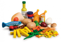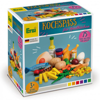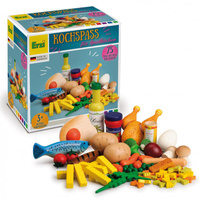 Duży, drewniany zestaw do zabawy w gotowanie to propozycja niemieckiej marki Erzi na udaną zabawę w szefa kuchni. Zestaw został wyprodukowany w Niemczech oraz posiada certyfikaty bezpieczeństwa CE oraz ASTM. Zestaw wykonany z drewna buku obejmuje aż 75 elementów. W zestawie znajdują się: 2 pieczarki, 1 jajko, 1 jajko sadzone, 2 pomidory, 1 cebula, 5 liści sałaty rukoli, 3 różyczki brokułów, 5 marchewek, 15 groszków, 1 kiełbasa z grilla, 1 frankfurterka, 2 paluszki rybne, 1 śledź, 1 pieczony kurczak do pokrojenia, 1 puszka soli, 8 frytek, 1 oliwa z oliwek, 21 makaronów, 1 sos pomidorowy.
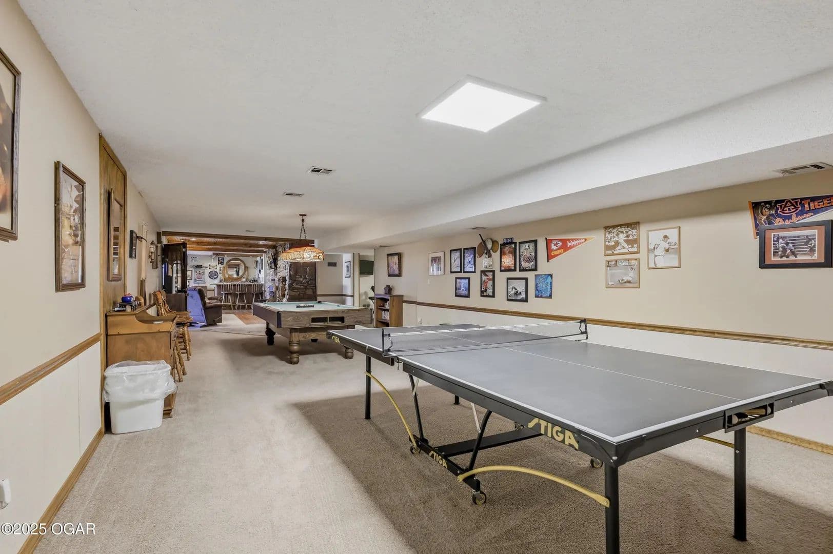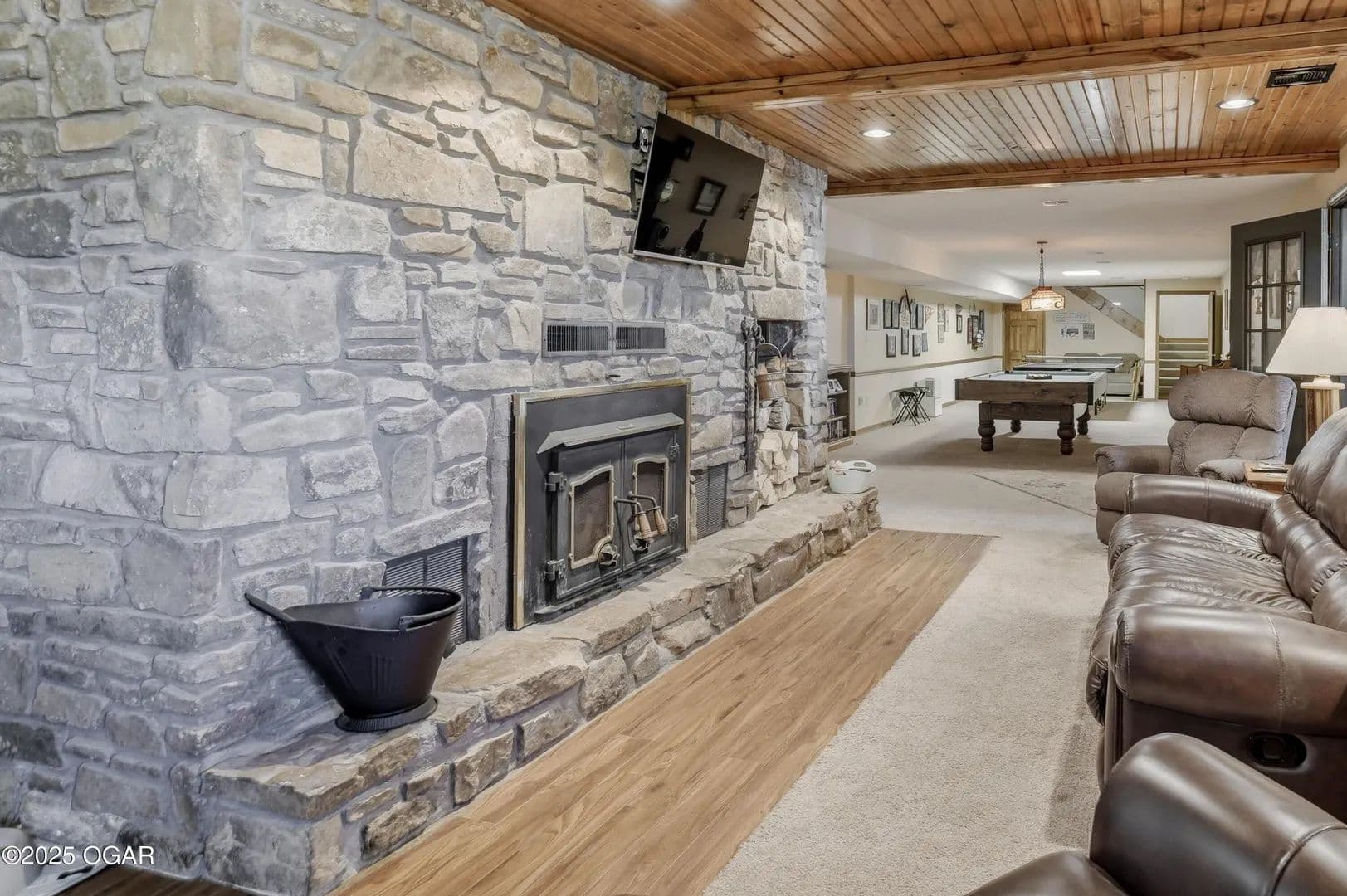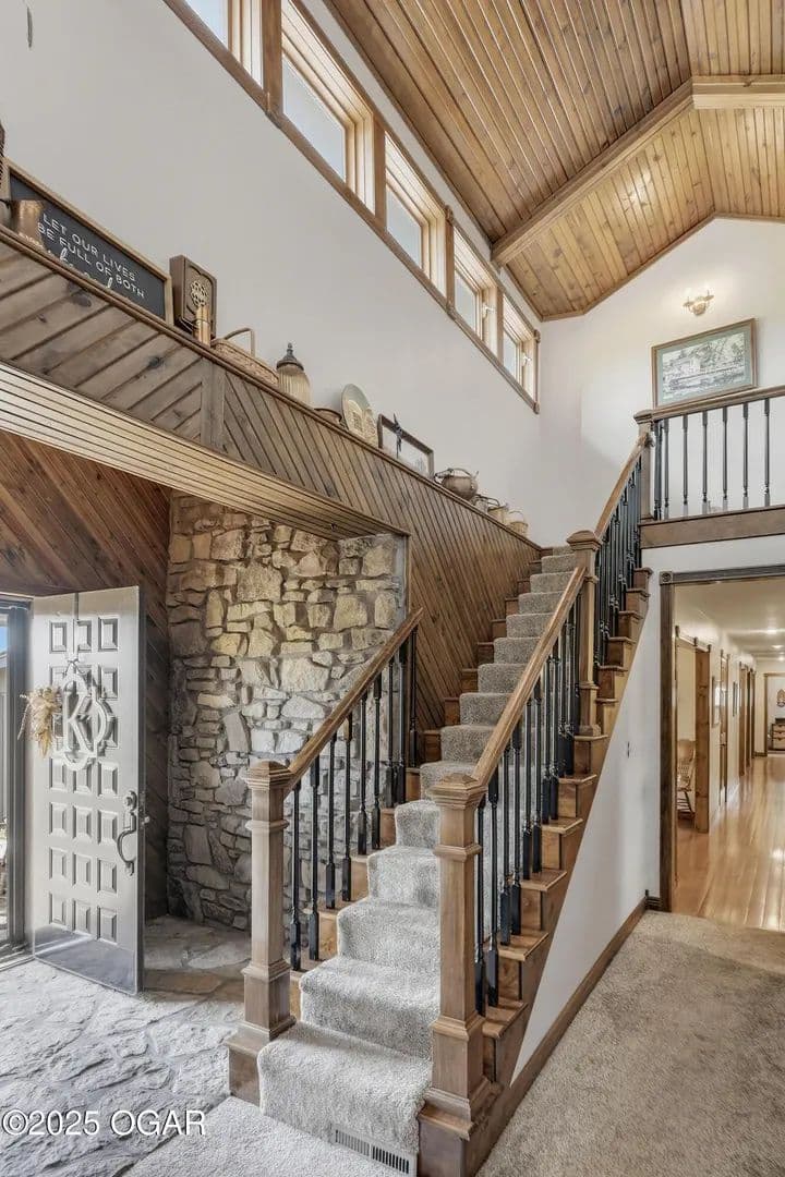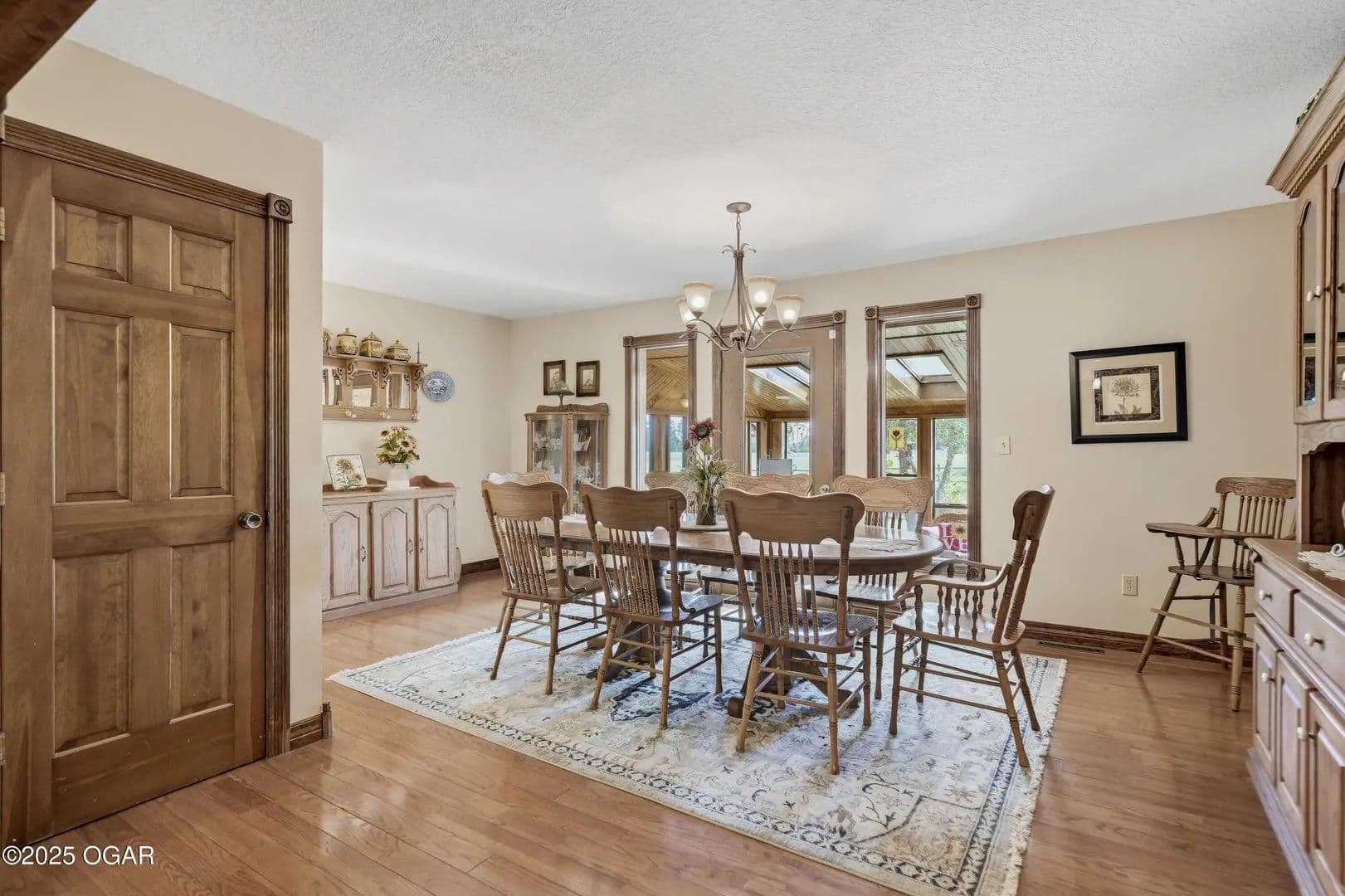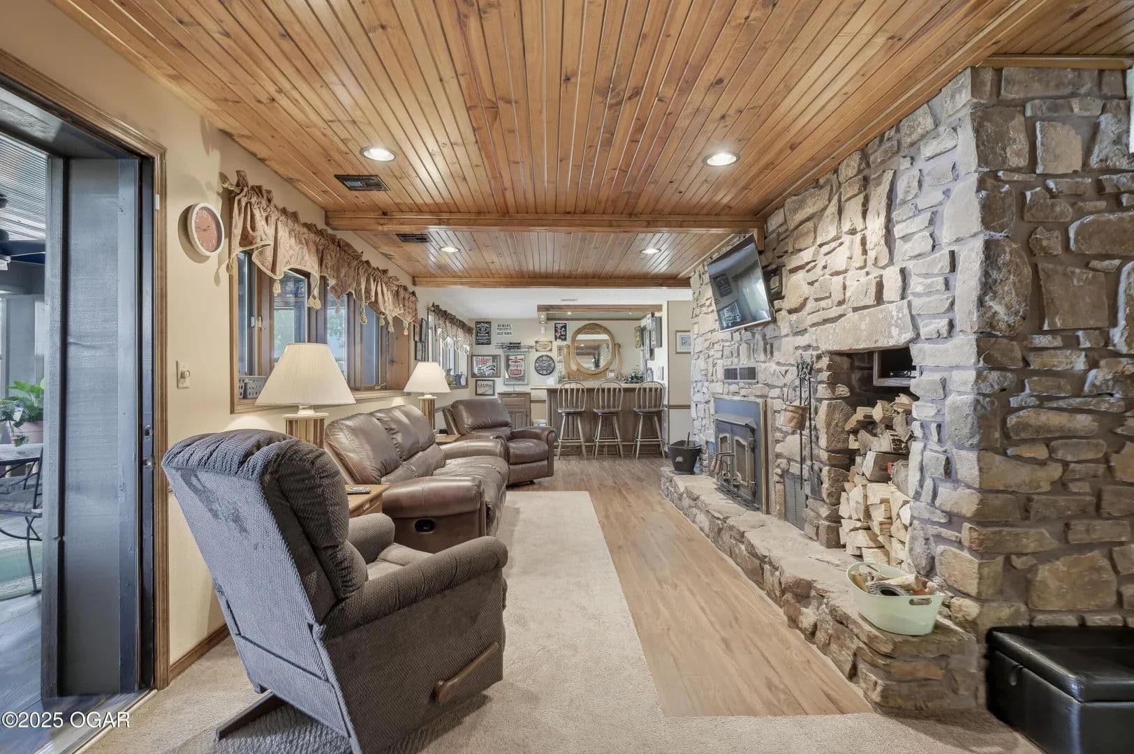 Set on 76 picturesque acres just outside Carl Junction, Missouri, this high-end custom home blends refined craftsmanship with rustic charm. Constructed with 2x6 framing and genuine Arkansas stone, it showcases thoughtful details throughout—wood beams, wood-paneled ceilings, Arkansas stone accents, and warm, natural tones that create a welcoming atmosphere. A new Tamko roof was installed on both the home and shop in September 2025, offering long-lasting peace of mind.
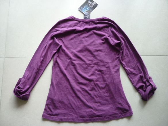 ใหม่ป้ายห้อยเสื้อผ้าคอตต้อนสีม่วงสวยแขนสียาวพับเบิ่ลปลายแขน
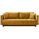 Užite si pohodové večery na rozkladacej pohovke ALIDA! Tento nábytok ponúka príjemné sedenie aj ležanie. S rozmermi cca 227 x 87 x 102 cm (Š x V x H) a výškou sedenia cca 44 cm ju skvelo využijete aj v menších miestnostiach. Žltý poťah s ozdobným prešívaním oživí každý priestor. Súčasťou sú aj dva veľké vankúše na opretie chrbta, lakťové opierky a dva dekoračné vankúše. Pohovku je možné v niekoľkých jednoduchých krokoch premeniť na lôžko s plochou na spanie cca 149 x 197 cm (Š x D). Do úložného boxu sa pohodlne zmestia vankúše a prikrývky pre nocujúcich hostí. Pohovka je dostupná aj v iných farbách. Pozrite si v našom eshope ďalšie žlté pohovky, žlté sedačky,
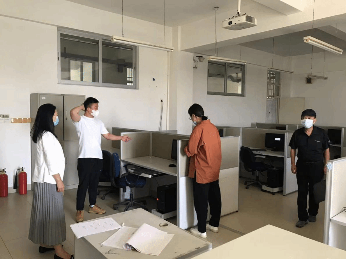 党委副书记、副院长叶振楠带队检查了10教和12教艺术学院教室。10教是学院最大的实验楼,其中包含机房、语音室及实验室等,叶振楠副书记认真地检查了每一间教室,指出了存在的问题,叮嘱相关部门及时调试设备,确保上课能正常运转。
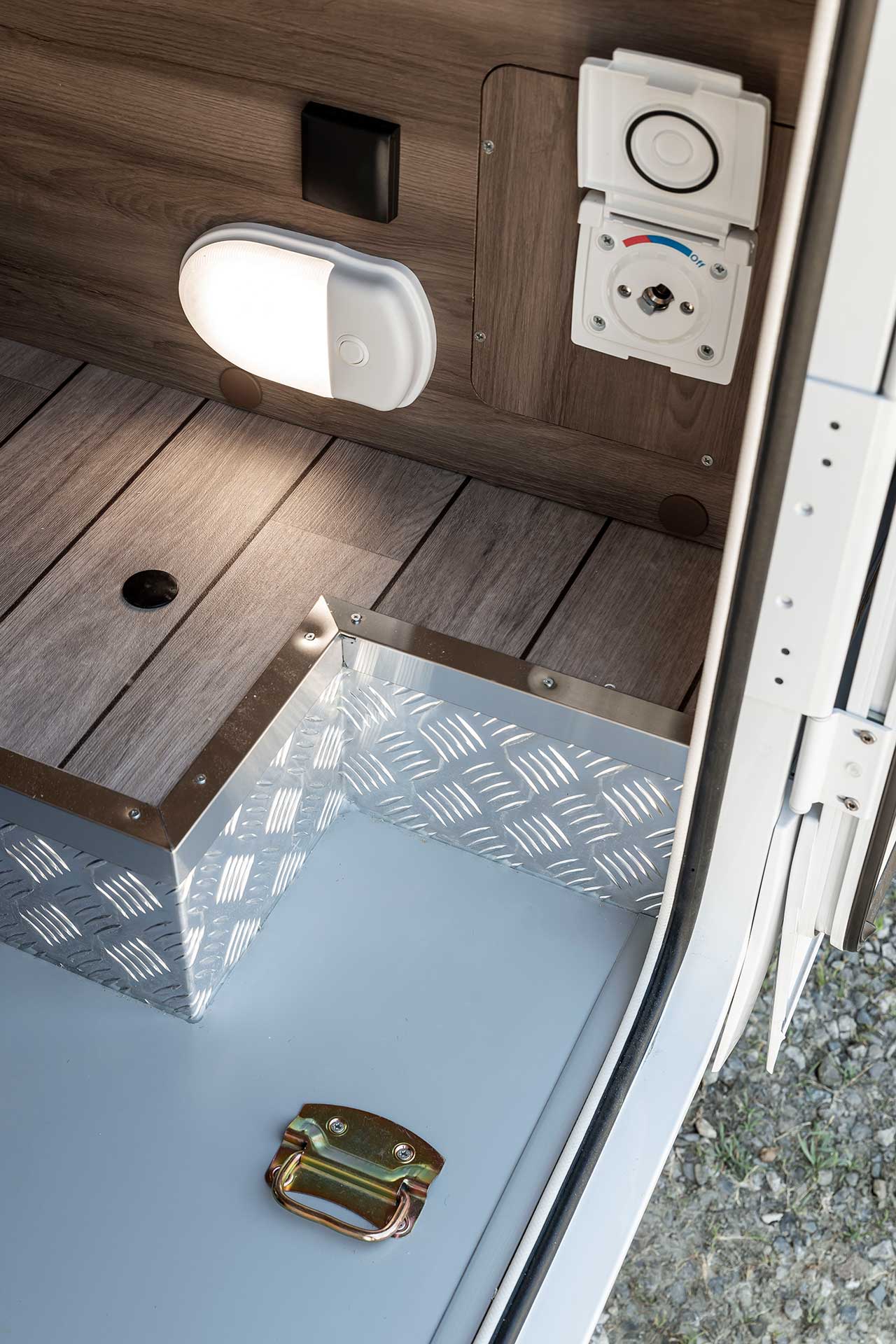 Wer große Urlaubspläne hat, braucht natürlich auch viel Platz. Gut, dass du trotz der Kompaktheit des Fahrzeugs auf eine riesige Heckgarage zurückgreifen kannst, in der sich bei Bedarf sogar die Fahrräder unterbringen lassen.
########
Your instructions
The response is the full listing, copied exactly, with the pictures omitted.

Answer to the exercise
 Duży, drewniany zestaw do zabawy w gotowanie to propozycja niemieckiej marki Erzi na udaną zabawę w szefa kuchni. Zestaw został wyprodukowany w Niemczech oraz posiada certyfikaty bezpieczeństwa CE oraz ASTM. Zestaw wykonany z drewna buku obejmuje aż 75 elementów. W zestawie znajdują się: 2 pieczarki, 1 jajko, 1 jajko sadzone, 2 pomidory, 1 cebula, 5 liści sałaty rukoli, 3 różyczki brokułów, 5 marchewek, 15 groszków, 1 kiełbasa z grilla, 1 frankfurterka, 2 paluszki rybne, 1 śledź, 1 pieczony kurczak do pokrojenia, 1 puszka soli, 8 frytek, 1 oliwa z oliwek, 21 makaronów, 1 sos pomidorowy.
 Set on 76 picturesque acres just outside Carl Junction, Missouri, this high-end custom home blends refined craftsmanship with rustic charm. Constructed with 2x6 framing and genuine Arkansas stone, it showcases thoughtful details throughout—wood beams, wood-paneled ceilings, Arkansas stone accents, and warm, natural tones that create a welcoming atmosphere. A new Tamko roof was installed on both the home and shop in September 2025, offering long-lasting peace of mind.
 ใหม่ป้ายห้อยเสื้อผ้าคอตต้อนสีม่วงสวยแขนสียาวพับเบิ่ลปลายแขน
 Užite si pohodové večery na rozkladacej pohovke ALIDA! Tento nábytok ponúka príjemné sedenie aj ležanie. S rozmermi cca 227 x 87 x 102 cm (Š x V x H) a výškou sedenia cca 44 cm ju skvelo využijete aj v menších miestnostiach. Žltý poťah s ozdobným prešívaním oživí každý priestor. Súčasťou sú aj dva veľké vankúše na opretie chrbta, lakťové opierky a dva dekoračné vankúše. Pohovku je možné v niekoľkých jednoduchých krokoch premeniť na lôžko s plochou na spanie cca 149 x 197 cm (Š x D). Do úložného boxu sa pohodlne zmestia vankúše a prikrývky pre nocujúcich hostí. Pohovka je dostupná aj v iných farbách. Pozrite si v našom eshope ďalšie žlté pohovky, žlté sedačky,
 党委副书记、副院长叶振楠带队检查了10教和12教艺术学院教室。10教是学院最大的实验楼,其中包含机房、语音室及实验室等,叶振楠副书记认真地检查了每一间教室,指出了存在的问题,叮嘱相关部门及时调试设备,确保上课能正常运转。
 Wer große Urlaubspläne hat, braucht natürlich auch viel Platz. Gut, dass du trotz der Kompaktheit des Fahrzeugs auf eine riesige Heckgarage zurückgreifen kannst, in der sich bei Bedarf sogar die Fahrräder unterbringen lassen.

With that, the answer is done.